However, what most eyes miss here, but I pay special attention to, is the revenue composition. Microsoft derives revenue from, on the one side, what they label as products, which mainly consists of one-time payments, like hardware sales. Services is their second revenue source, which include mostly software/cloud-based offerings and, due to their recurrent-usage nature, imply a subscription model.
Note: Microsoft’s fiscal year is two quarters ahead of the calendar year. I will use calendar for there not to be any confusions.
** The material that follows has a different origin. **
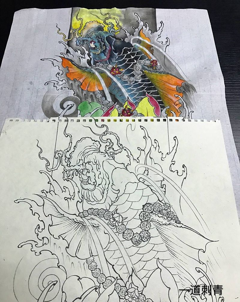 当前位置: 首页 >浙江省杭州市纹身店-今刺古青纹身图案>鲤鱼荷花纹身图片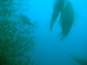 朝からなんだか蒸し暑い日でした。午後には晴れて風もそよそよいい気持ちでしたね。さぁ、木曜日に入れた七夕用の笹にアオリイカが卵を産みに来ています。昨日は午後だったのに今日は午前中に爆裂しました!!15匹以上は確認できています。笹の上のほうで産むので、見上げる感じで写真を撮りました。ちょっとドライスーツの首から海水が浸入する角度です(笑)中層で待つと逃げちゃうので、アオリイカが着たら浮上!!かなりのテクニックが必要な場所です。ぜひみなさんチャレンジしてください。笹とアオリイカ・・あまりみたことがない絵になりますよ。とても神秘的です。ちびのカエルアンコウも健在!今日はクロもいました。ヒイラギの群れの中で気持ちよく漂うのもいいですね。さぁ明日から平日です。貸切アオリイカ是非お待ちしております。

Subscription-based offerings tend to be much more resilient, making up for a fundamentally stronger business. Since Satya Nadella became CEO, emphasis has been placed on turning Microsoft into a subscription-based business, or as close to that as possible. Consequently, recurring revenue as a percentage of total sales have been continuously trending upwards, now standing at 73%, increasing 300bps QoQ.
Moving down the income statement, Microsoft generated 40.2bn in gross profit, increasing 16% on a yearly basis. The latter implies a margin expansion from 69% last year to 71% in this one. Operating income was 26.89bn for the quarter, with the operating margin expanding by 470bps to 47.6%. Lastly, Microsoft produced 22.29bn in net income, meaning it operated at a 39.4% margin, up 440bps over the comparable Q.
During this last quarter, Microsoft brought in a record 30.58bn in cash from operating activities, increasing 31% YoY. Capital expenditures, at the same time, were also a record 9.9bn dollars. Microsoft has been heavily emphasizing the importance of rapidly developing an extensive and high quality cloud infrastructure, which has translated into a physical competitive advantage over other cloud providers. Free cash flow for the quarter was 20.66bn, up from 16.9bn last year.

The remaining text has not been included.